[Saved data entries]
════════════════════

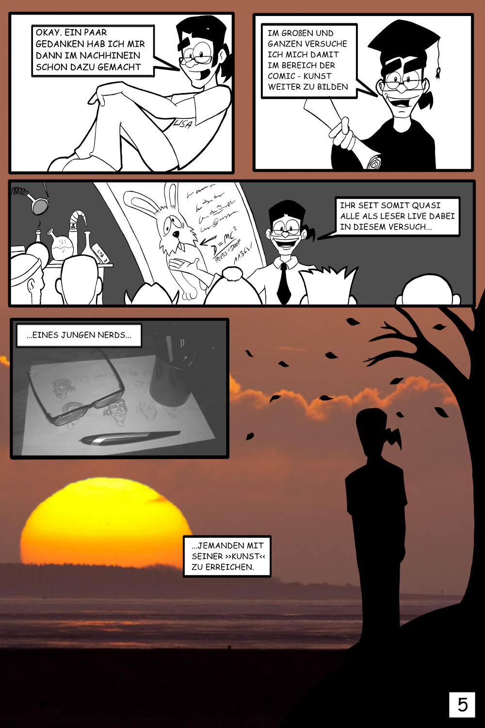 Zu deiner Frage der "Richtung". Nun, ich denke es wird beides. Ein philosophischer Gedankengang in Form eines Comics, aus dem Hirn eines Nerds... Hm, ja so stell ich mir das vor. Dein Interesse bedeutet mir viel und ehrt mich zutiefst, ich freue mich, hier neues zu zeigen!! :)
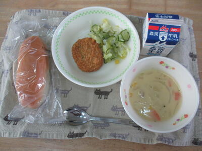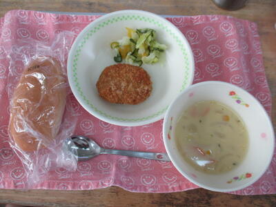 今日の給食のおかずは「野菜スープ、ハンバーグのきのこソースかけ、果物のヨーグルト和え、丸パン」でした。パンにハンバーグをはさんだり、ヨーグルト和えをはさんだり、おいしさを楽しみながらいただきました。
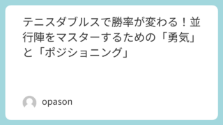 「いつまでも雁行陣のままだと、相手の強いストロークに押し切られてしまう……」そんな悩み、ありませんか?私もかつては「後ろで粘るのが正義」と信じて疑わないストローカーでした。しかし、中級以上の試合で壁にぶち当たり、意を決して並行陣に挑戦したこ...
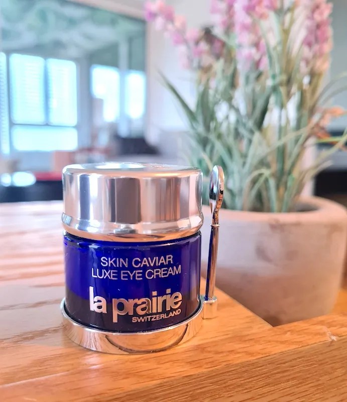- Moisturize the eye area with La Prairie Skin Caviar Luxe Eye Cream
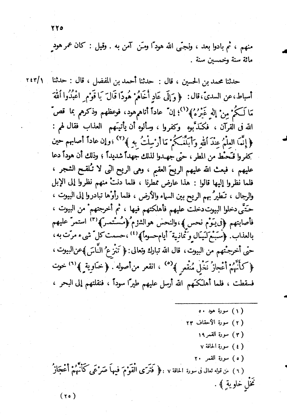 «إِنَّمَا الْعِلْمُ عِنْدَ اللَّهِ وَأُبَلِّغُكُمْ ما أُرْسِلْتُ بِهِ» ، وإن عادا أصابهم حين كفروا قحط من المطر، حتى جهدوا لذلك جهدا شديدا، وذلك أن هودا دعا عليهم، فبعث الله عليهم الريح العقيم، وهي الريح التي لا تلقح الشجر، فلما نظروا إليها قالوا: هذا عارض ممطرنا، فلما دنت منهم نظروا إلى الإبل والرجال، تطير بهم الريح بين السماء والأرض، فلما راوها تبادروا الى البيوت، حتى دخلوا البيوت دخلت عليهم فأهلكتهم فيها، ثم أخرجتهم من البيوت، فأصابتهم «فِي يَوْمِ نَحْسٍ» ، والنحس هو الشؤم «مُسْتَمِرٍّ» استمر عليهم بالعذاب «سَبْعَ لَيالٍ وَثَمانِيَةَ أَيَّامٍ حُسُوماً» ، حسمت كل شيء مرت به، حتى أخرجتهم من البيوت، قال الله تبارك وتعالى: «تَنْزِعُ النَّاسَ» عن البيوت، «كَأَنَّهُمْ أَعْجازُ نَخْلٍ مُنْقَعِرٍ» ، انقعر من أصوله «خاوِيَةٍ» خوت فسقطت، فلما أهلكهم الله أرسل عليهم طيرا سودا، فنقلتهم الى البحر،
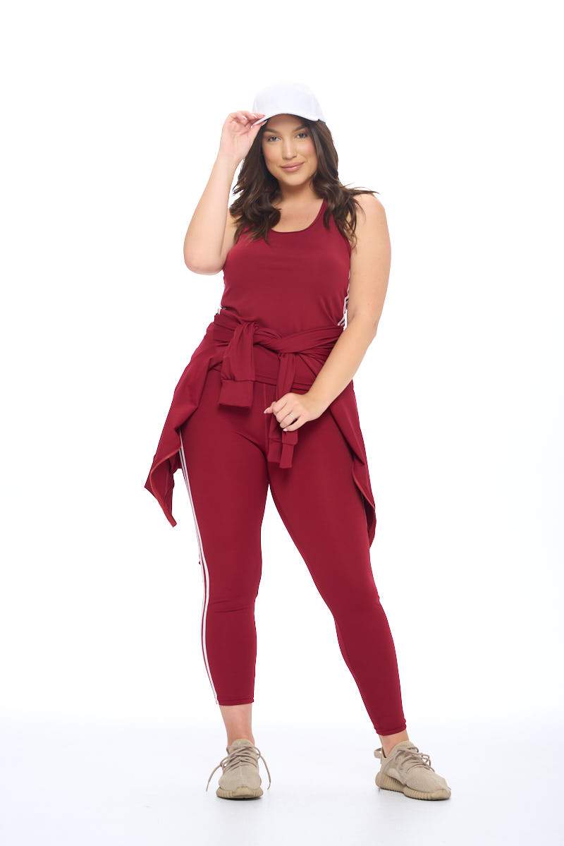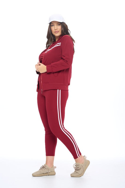 3 piece set comes with a tank top, zip-up hoodie, and leggings Zipper closure at front Side welt pockets Inspired for athleisure Double design contrast stripes Lightweight fabric for daily comfort Low to medium impact
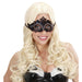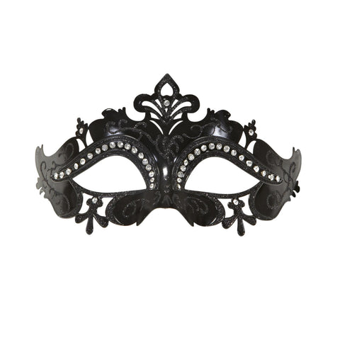 Bellissima maschera in plexiglass di colore nero tempestata di strass. Maschera di lusso da abbinare a costumi di carnevale ricercati e raffinati. Taglia standard, da indosare grazie al pratico laccio posto a retro della maschera stessa.
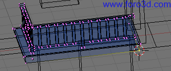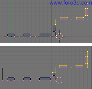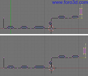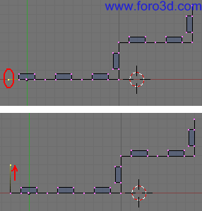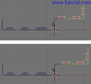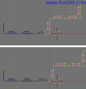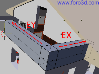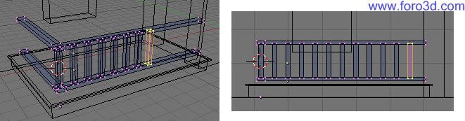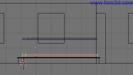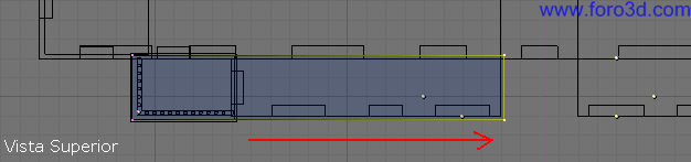En vista superior asegúrate de que este nuevo objeto encaja correctamente con la estructura que ya tenemos hecha, que no está ni más atrás ni más adelante. Para moverlo selecciona todos sus vértices y pulsa g y, y lo arrastras dejando pulsado control.
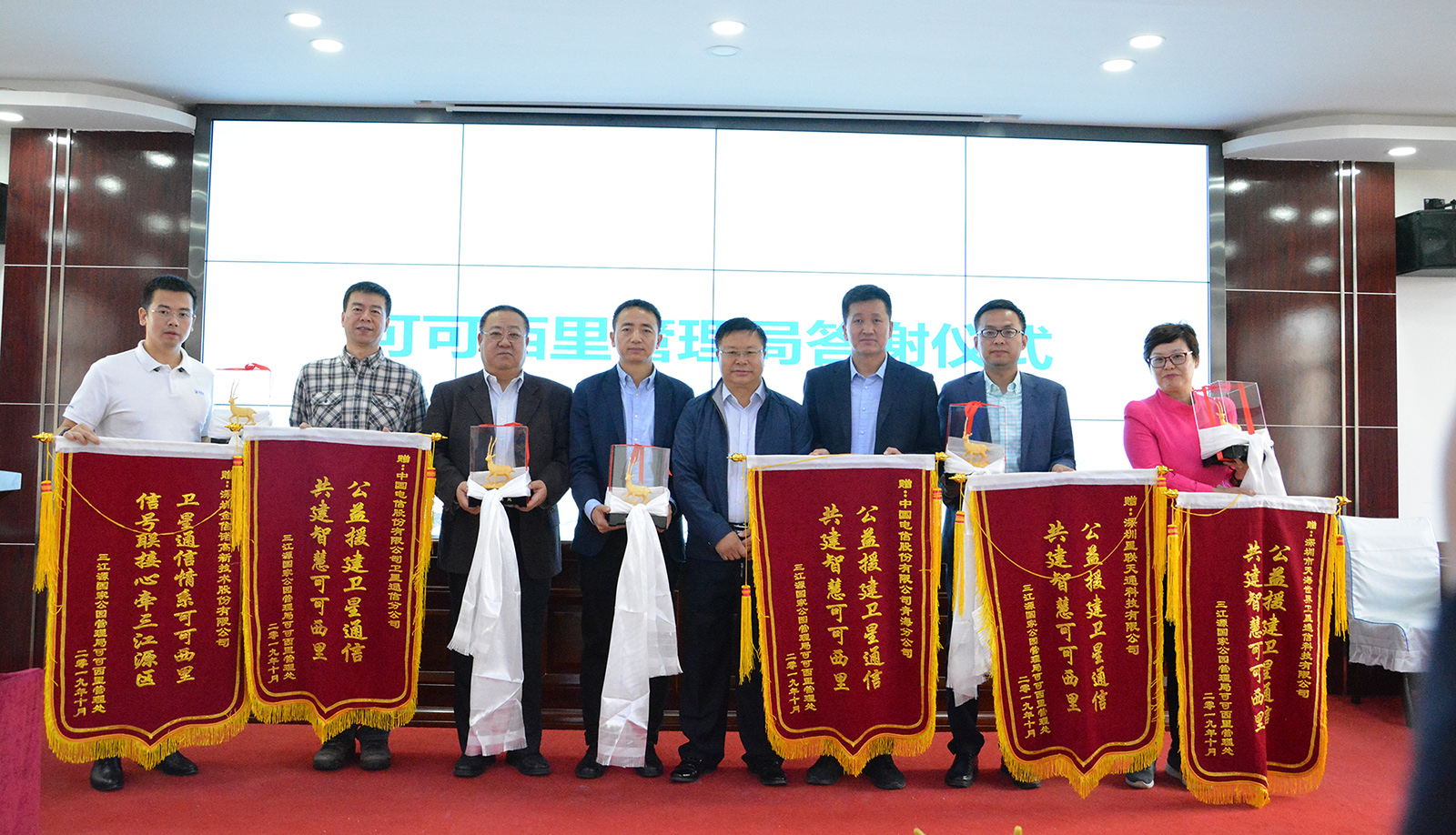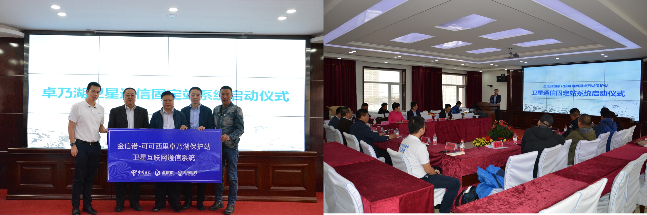 10月19日,在可可西里保護區管理局,舉行了一場簡單而隆重的啟動儀式,中國電信股份有限公司衛星通信分公司呂俊俐總經理、中國電信股份有限公司青海分公司唐小文總經理、深圳金信諾高新科技有限公司無線與光網絡產品經營團隊副總經理范修遠、深圳市天海世界衛星通信科技有限公司邱志英總經理、深圳星聯天通科技有限公司總經理薛智軍等援建單位領導參加了此次卓乃湖衛星通信固定站的啟動儀式,在管理局現場通過衛星通信與卓乃湖保護站的施工人員和巡山隊員進行了視頻連線。此次中國國電信援建內容還包括天通移動衛星電話、衛星固定站及通信服務,其中我國自主研發的衛星移動系統——天通衛星首次引入可可西里,從此可可西里通信進入“手機時代”。
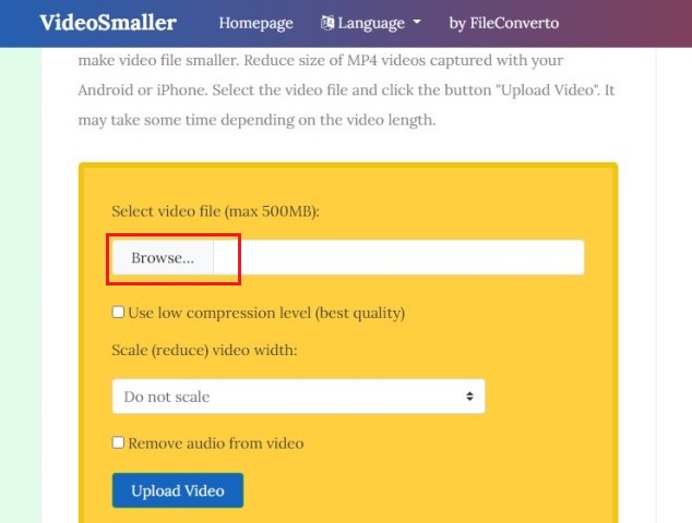- Kemudian, klik Browse untuk memilih video yang akan dikompres.
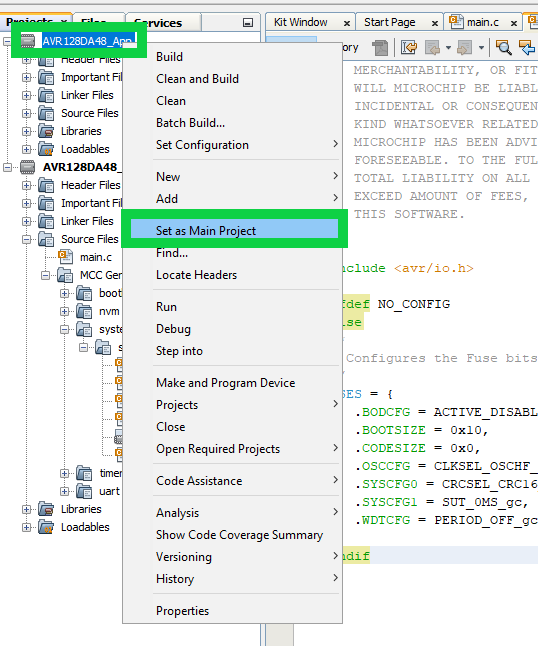 This section demonstrates how to merge the bootloader and application projects into a single hex file for 8-bit AVR® devices.
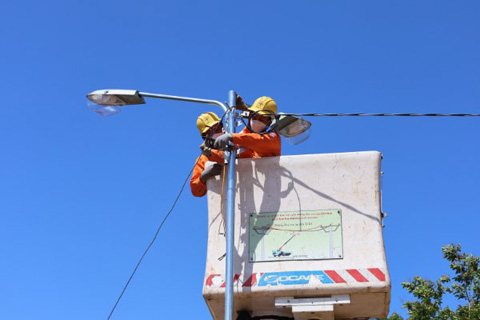 Đoàn viên Chi đoàn Điện lực Cư M’gar thi công đèn đường nội buôn Sút M’drang

════════════════════

Exercise details:
Return exactly, with no pictures, each line from the one that contains "This section demonstrates" through the end of the entries above, both ends included.

Finished exercise:
 This section demonstrates how to merge the bootloader and application projects into a single hex file for 8-bit AVR® devices.
 Đoàn viên Chi đoàn Điện lực Cư M’gar thi công đèn đường nội buôn Sút M’drang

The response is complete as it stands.